• **EXERCISE REQUIREMENTS**
Reproduce, without alteration, every line of the data; exclude the images.

• **DATASET CONTENT**
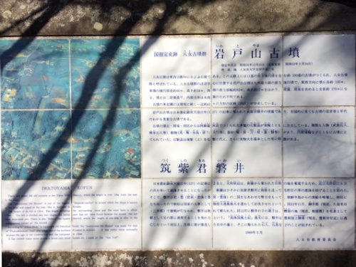 11月26日(火)の正午頃、国指定史跡の「岩戸山古墳」(八女市吉田)に到着、まずは隣接する「岩戸山歴史資料館」を訪ねた。館内では事務員の方が各種の展示物を懇切丁寧に解説してくださった。人物や動物などを模した石製の大きな「石人石馬」など、あまり近畿方面の古墳では見られない珍しい出土物に目を瞠った。同古墳は北部九州最大の前方後円墳で、6世紀後半に筑後地方を拠点に勢力を誇った豪族、「筑紫君 磐井」が生前に築いたと伝えられ、全国的に見ても古墳の造営者と年代のわかる貴重な古墳とされている。「磐井」は527年、大和朝廷の朝鮮半島施策に異を唱え、九州の他の豪族と手を組んで朝廷の大軍を迎え撃ち、1年余りの戦いの末に敗れた「磐井の乱」で知られる。しかし、勝った朝廷側の視点で描かれた「記・紀」では、朝廷の施策を阻む「反逆者」とされた「磐井」だが、地方の歴史などを記した「筑後国風土記」逸文からは、違う磐井像が浮かぶとのことである。つまり九州支配を強めて、地元民に過大な負担を強いる朝廷に反旗を翻し、地元民を救おうとした人物として、現在も「磐井」は郷土の「伝説的英雄」として親しまれているそうだ。実は私自身、この「磐井の乱」については殆ど調べたことがなく、今回初めて「磐井」の築造した「岩戸山古墳」を訪れたことで、その隠された北部九州の歴史に踏み込むことになった。この「磐井の乱」については、多くの歴史研究家が論考を述べており、興味深く各論を読んでいるところだが、今の私なりの捉え方は、近畿王朝(大和国)の「継体」率いる軍隊による、九州王朝(倭国)の「簒奪」という構図ではないかということである。つまり当時の日本において、本家本元の王朝であった「九州王朝」を奪うことで、当時はまだ地方王朝の国王であった「継体」が、その王権を拡大強化しようとしたのでは・・・ということだ。おそらく、「反乱」は近畿王朝の大和国王「継体」率いる軍隊の所業であり、継体軍の用意周到な奇襲攻撃によって、「倭の五王」に続く九州王朝の倭国王「磐井」が追い遣られた戦いだったのではあるまいか・・・などと、今のところは私なりに、そのような捉え方をしているところだ。なお、ウィキペディアには「磐井の乱」に関する異説として、「磐井」を九州王朝(倭国)の王と見る「九州王朝説」があることを取り上げ、日本書紀の内容は九州王朝の記録からの盗用であるとしており、参考記事として以下の2点を挙げている。◎百済本紀には『531年に日本の天皇及び太子・皇子倶に崩薨せぬ』という記事がある。「磐井の乱」について百済では、日本の天皇である磐井一族が滅ぼされたと認識していた。◎福岡県八女郡の「筑紫君磐井」の墳墓(岩戸山古墳)には、衙頭(がとう)と呼ばれる祭政を行う場所や解部(ときべ)と呼ばれる裁判官の石像がある。これは九州に律令があったことを示すもので、九州に王朝があった証拠である。つづく
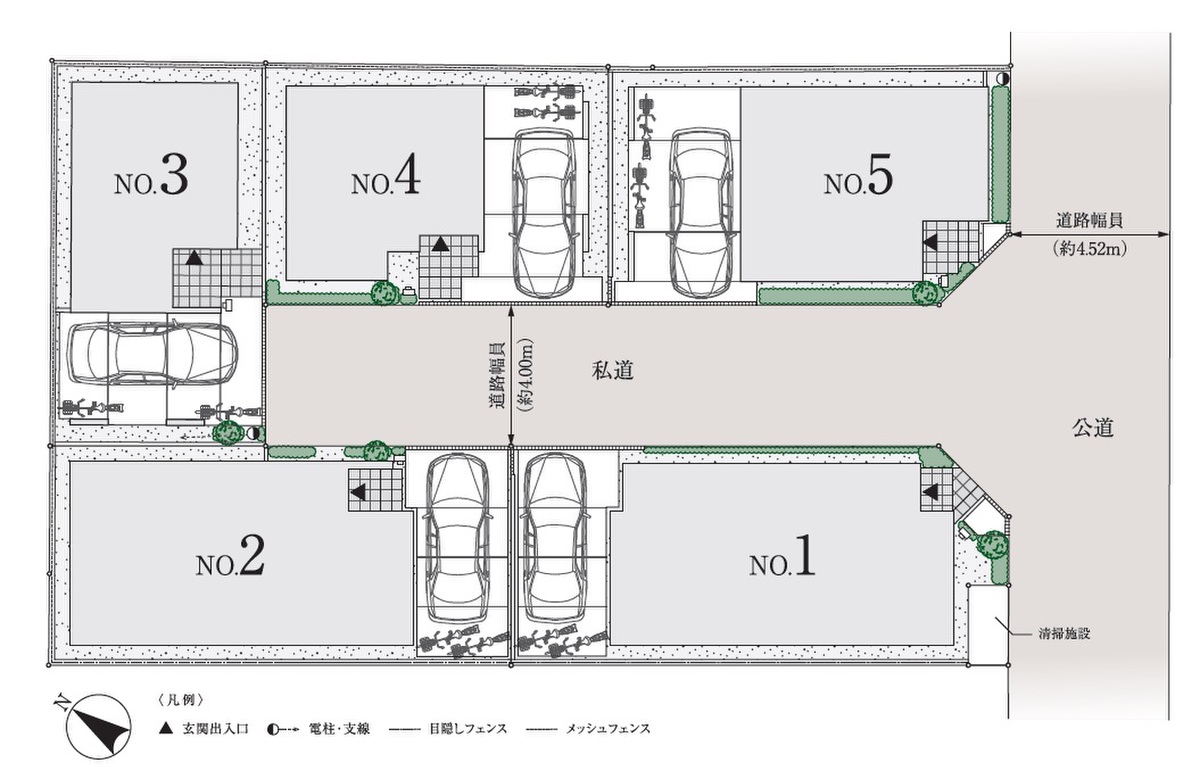 | 駐車場 | 1台 | 道路の幅員 | 南東側4.52m道路 、街区内私道4.00m アスファルト舗装(私道負担88m2の1/5) |
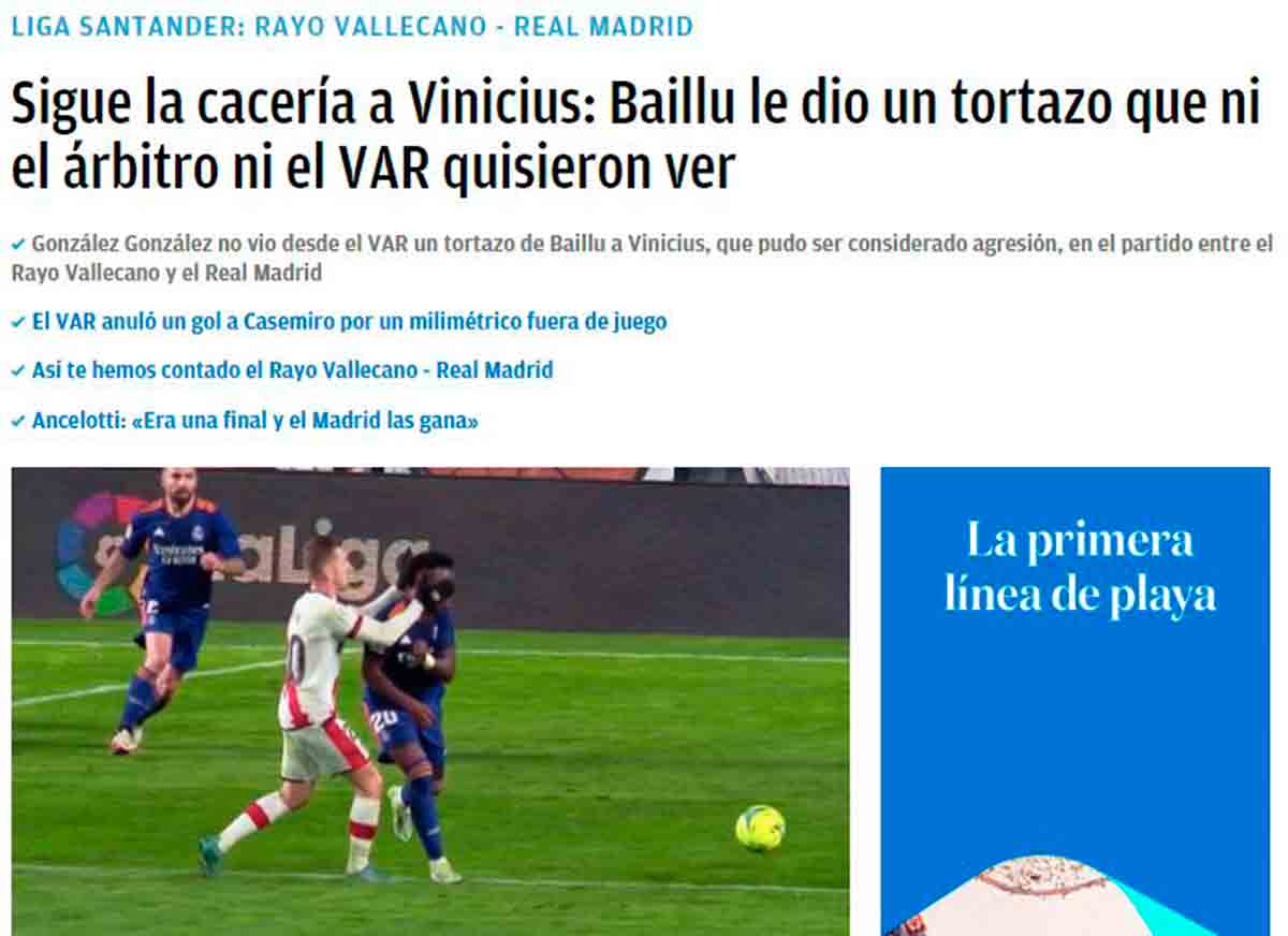 Claro que sabemos que agredir a Vinícius está admitido en el reglamento, o al menos en el que maneja González González. Él era el árbitro de VAR también en Vallecas cuando Balliu atizó con ambas manos al brasileño en la Liga 2021-22. Jugada que se ha repetido este año, por cierto.

• **RESPONSE**
 11月26日(火)の正午頃、国指定史跡の「岩戸山古墳」(八女市吉田)に到着、まずは隣接する「岩戸山歴史資料館」を訪ねた。館内では事務員の方が各種の展示物を懇切丁寧に解説してくださった。人物や動物などを模した石製の大きな「石人石馬」など、あまり近畿方面の古墳では見られない珍しい出土物に目を瞠った。同古墳は北部九州最大の前方後円墳で、6世紀後半に筑後地方を拠点に勢力を誇った豪族、「筑紫君 磐井」が生前に築いたと伝えられ、全国的に見ても古墳の造営者と年代のわかる貴重な古墳とされている。「磐井」は527年、大和朝廷の朝鮮半島施策に異を唱え、九州の他の豪族と手を組んで朝廷の大軍を迎え撃ち、1年余りの戦いの末に敗れた「磐井の乱」で知られる。しかし、勝った朝廷側の視点で描かれた「記・紀」では、朝廷の施策を阻む「反逆者」とされた「磐井」だが、地方の歴史などを記した「筑後国風土記」逸文からは、違う磐井像が浮かぶとのことである。つまり九州支配を強めて、地元民に過大な負担を強いる朝廷に反旗を翻し、地元民を救おうとした人物として、現在も「磐井」は郷土の「伝説的英雄」として親しまれているそうだ。実は私自身、この「磐井の乱」については殆ど調べたことがなく、今回初めて「磐井」の築造した「岩戸山古墳」を訪れたことで、その隠された北部九州の歴史に踏み込むことになった。この「磐井の乱」については、多くの歴史研究家が論考を述べており、興味深く各論を読んでいるところだが、今の私なりの捉え方は、近畿王朝(大和国)の「継体」率いる軍隊による、九州王朝(倭国)の「簒奪」という構図ではないかということである。つまり当時の日本において、本家本元の王朝であった「九州王朝」を奪うことで、当時はまだ地方王朝の国王であった「継体」が、その王権を拡大強化しようとしたのでは・・・ということだ。おそらく、「反乱」は近畿王朝の大和国王「継体」率いる軍隊の所業であり、継体軍の用意周到な奇襲攻撃によって、「倭の五王」に続く九州王朝の倭国王「磐井」が追い遣られた戦いだったのではあるまいか・・・などと、今のところは私なりに、そのような捉え方をしているところだ。なお、ウィキペディアには「磐井の乱」に関する異説として、「磐井」を九州王朝(倭国)の王と見る「九州王朝説」があることを取り上げ、日本書紀の内容は九州王朝の記録からの盗用であるとしており、参考記事として以下の2点を挙げている。◎百済本紀には『531年に日本の天皇及び太子・皇子倶に崩薨せぬ』という記事がある。「磐井の乱」について百済では、日本の天皇である磐井一族が滅ぼされたと認識していた。◎福岡県八女郡の「筑紫君磐井」の墳墓(岩戸山古墳)には、衙頭(がとう)と呼ばれる祭政を行う場所や解部(ときべ)と呼ばれる裁判官の石像がある。これは九州に律令があったことを示すもので、九州に王朝があった証拠である。つづく
 | 駐車場 | 1台 | 道路の幅員 | 南東側4.52m道路 、街区内私道4.00m アスファルト舗装(私道負担88m2の1/5) |
 Claro que sabemos que agredir a Vinícius está admitido en el reglamento, o al menos en el que maneja González González. Él era el árbitro de VAR también en Vallecas cuando Balliu atizó con ambas manos al brasileño en la Liga 2021-22. Jugada que se ha repetido este año, por cierto.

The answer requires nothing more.